To explore the effect of myriocin on EDVD and atherosclerosis in diabetic rats.

METHODS:

Rats were fed with a high-fat/high-sucrose/high-cholesterol diet (20% sucrose, 10% animal oil, 1.0% bile salt and 2.5% cholesterol) (hereinafter defined as diabetic groups) or Purina Rodent Chow (NC group), the former was intervened with low dose streptozotocin (30 mg/kg) after feeding 1 month to make diabetic model.
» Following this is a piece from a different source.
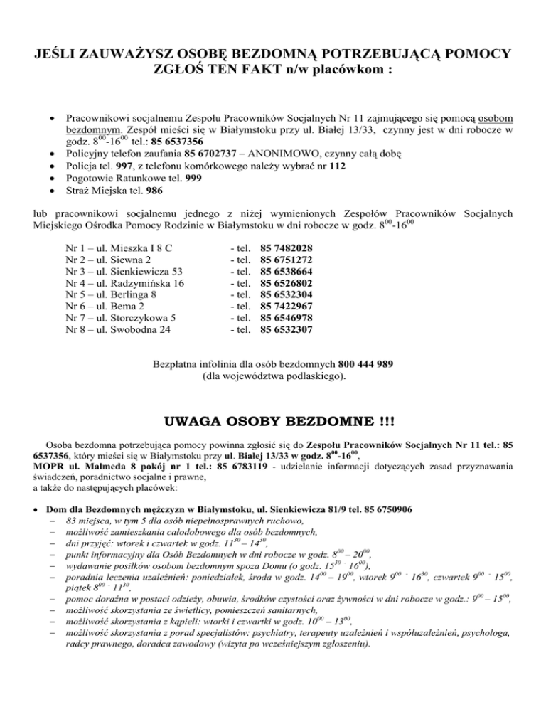 JEŚLI ZAUWAŻYSZ OSOBĘ BEZDOMNĄ POTRZEBUJĄCĄ POMOCY ZGŁOŚ TEN FAKT n/w placówkom : • • • • • Pracownikowi socjalnemu Zespołu Pracowników Socjalnych Nr 11 zajmującego się pomocą osobom bezdomnym. Zespół mieści się w Białymstoku przy ul. Białej 13/33, czynny jest w dni robocze w godz. 800-1600 tel.: 85 6537356 Policyjny telefon zaufania 85 6702737 – ANONIMOWO, czynny całą dobę Policja tel. 997, z telefonu komórkowego należy wybrać nr 112 Pogotowie Ratunkowe tel. 999 Straż Miejska tel. 986 lub pracownikowi socjalnemu jednego z niżej wymienionych Zespołów Pracowników Socjalnych Miejskiego Ośrodka Pomocy Rodzinie w Białymstoku w dni robocze w godz. 800-1600 Nr 1 – ul. Mieszka I 8 C Nr 2 – ul. Siewna 2 Nr 3 – ul. Sienkiewicza 53 Nr 4 – ul. Radzymińska 16 Nr 5 – ul. Berlinga 8 Nr 6 – ul. Bema 2 Nr 7 – ul. Storczykowa 5 Nr 8 – ul. Swobodna 24 - tel. - tel. - tel. - tel. - tel. - tel. - tel. - tel. 85 7482028 85 6751272 85 6538664 85 6526802 85 6532304 85 7422967 85 6546978 85 6532307 Bezpłatna infolinia dla osób bezdomnych 800 444 989 (dla województwa podlaskiego). UWAGA OSOBY BEZDOMNE !!! Osoba bezdomna potrzebująca pomocy powinna zgłosić się do Zespołu Pracowników Socjalnych Nr 11 tel.: 85 6537356, który mieści się w Białymstoku przy ul. Białej 13/33 w godz. 800-1600, MOPR ul. Malmeda 8 pokój nr 1 tel.: 85 6783119 - udzielanie informacji dotyczących zasad przyznawania świadczeń, poradnictwo socjalne i prawne, a także do następujących placówek: • Dom dla Bezdomnych mężczyzn w Białymstoku, ul. Sienkiewicza 81/9 tel. 85 6750906 − 83 miejsca, w tym 5 dla osób niepełnosprawnych ruchowo, − możliwość zamieszkania całodobowego dla osób bezdomnych, − dni przyjęć: wtorek i czwartek w godz. 1130 – 1430, − punkt informacyjny dla Osób Bezdomnych w dni robocze w godz. 800 – 2000, − wydawanie posiłków osobom bezdomnym spoza Domu (o godz. 1530 - 1600), − poradnia leczenia uzależnień: poniedziałek, środa w godz. 1400 – 1900, wtorek 900 - 1630, czwartek 900 - 1500, piątek 800 - 1130, − pomoc doraźna w postaci odzieży, obuwia, środków czystości oraz żywności w dni robocze w godz.: 900 – 1500, − możliwość skorzystania ze świetlicy, pomieszczeń sanitarnych, − możliwość skorzystania z kąpieli: wtorki i czwartki w godz. 1000 – 1300, − możliwość skorzystania z porad specjalistów: psychiatry, terapeuty uzależnień i współuzależnień, psychologa, radcy prawnego, doradca zawodowy (wizyta po wcześniejszym zgłoszeniu). • Noclegownia dla mężczyzn w Białymstoku, ul. Sienkiewicza 81/9, tel. 85 6750906 − noclegownia dysponuje 40 miejscami noclegowymi, − placówka czynna od października do marca w godz. 1800 – 800 od kwietnia do września w godz. 1900 – 700, − bezdomni mężczyźni przyjmowani są do godziny 2130; a w niedziele, święta lub podczas niekorzystnych warunków atmosferycznych całodobowo. • Noclegownia dla kobiet w Białymstoku, ul. Raginisa 55, tel. 85 6750950 − noclegownia dysponuje 20 miejscami noclegowymi, − placówka czynna od października do marca w godz.: 1800 – 800 od kwietnia do września w godz.: 1900 – 700, − bezdomne kobiety przyjmowane są do godziny 2130; a w niedziele, święta lub podczas niekorzystnych warunków atmosferycznych całodobowo. • Schronisko Stowarzyszenia Penitencjarnego „Patronat” w Białymstoku, ul. Świętojańska 2A, tel. 85 7322412 − dysponuje 23 miejscami w pokojach 2 i 3 osobowych, − podstawą przyjęcia jest zawarcie umowy pobytu, po wcześniejszym skierowaniu przez kuratora zawodowego, pracownika socjalnego lub korespondencyjnie, − schronisko przeznaczone jest dla bezdomnych byłych więźniów, samotnych mężczyzn, osobom spoza schroniska pomoc świadczona jest od poniedziałku do piątku w godz.: 900 – 1700 − formy pomocy: nocleg, gorące posiłki, wydawanie środków czystości, odzieży, obuwia, leków, − poradnictwo prawne, pedagogiczne, − warsztaty korekcyjno-edukacyjne. • Ogrzewalnia w Białymstoku, ul. Kolejowa 26 A, Białystok tel. 85 6512153 − ogrzewalnia dla mężczyzn i kobiet (40 miejsc siedzących), w sytuacjach ostrych mrozów dodatkowe 20 miejsc (w świetlicy), − czynna całodobowo (z przerwami: 900 – 1100 i 1700 – 1900), − wydawanie posiłków - gorąca zupa o godz. 1530. • Noclegownia dla mężczyzn w Białymstoku, ul. Zaściańska 84, tel. 85 7433998 − noclegownia funkcjonuje wyłącznie w okresie zimowym (20 miejsc), − możliwość noclegu tylko dla mężczyzn w godz. 1900 – 700 (przyjmowanie osób od godz. 1900 do godz. 2300), − możliwość skorzystania z prysznica, a w umotywowanych przypadkach z kontaktu z lekarzem. • Dom Matki i Dziecka ”NAZARET” w Wasilkowie, ul. Białostocka 1A, tel. 85 7194500 − Dom posiada 15 miejsc, godziny przyjęć 800 - 1600 w dni robocze, − placówka świadczy usługi całodobowo, stacjonarnie, zapewnia schronienie kobietom oczekującym na urodzenie dziecka, matkom z dziećmi, które utraciły − mieszkanie oraz samotnym matkom, których sytuacja materialna lub rodzinna nie pozwalają na godne życie i wychowywanie dzieci (placówka nieinterwencyjna). • Ośrodek Interwencji Kryzysowej, ul. Włókiennicza 7, tel. 85 7445027 Ośrodek dysponuje liczbą 15 miejsc (dostępny całodobowo) – możliwość zamieszkania dla kobiet (także z dziećmi) - będących w sytuacji kryzysowej spowodowanej przemocą w rodzinie, katastrofą, żałobą itp. Formy pomocy: poradnictwo psychologiczne, rodzinne, pedagogiczne, socjalne i prawne, możliwość konsultacji psychiatrycznej, możliwość korzystania z kuchni, świetlicy i pralni. UWAGA OSOBY BEZDOMNE !!! • Prawosławny Ośrodek Miłosierdzia Diecezji Białostocko – Gdańskiej „ELEOS” w Białymstoku, ul. Warszawska 47, tel. 85 7328907 − bezpłatna jadłodajnia dla osób bezdomnych: wydawanie zupy z wkładką od poniedziałku do piątku

The NC group was intervened with citrate buffer and the diabetic rats were intervened with myriocin (0.3 mg/kg Qod) (MTD group) or just solvent (DC group) for 14 weeks. The EDVD, thickness of fatty deposition under endothelium, ceramide, PI3K/PKB/eNOS, NO and other vital parameters were measured after the rats sacrificed.

RESULTS:

In DC group, the ceramide contents in serum and aorta increased, the EDVD was impaired, the fatty deposition under endothelium increased, and the phosphorylation of PI3K/PKB/eNOS and NO release decreased all compared with the NC group (P<0.05). Compared with the DC group, the ceramide contents in MTD group decreased, the EDVD ameliorated, the fatty deposition diminished, and PI3K/PKB/eNOS phosphorylation and NO release (P<0.05) increased.

CONCLUSIONS:

After treated with myriocin, the EDVD in diabetic rats has been improved by increasing PI3K/PKB/eNOS phosphorylation and NO release, and meanwhile the atherosclerosis has reversed.

Copyright © 2011 Elsevier Ireland Ltd. All rights reserved.

[PubMed - indexed for MEDLINE]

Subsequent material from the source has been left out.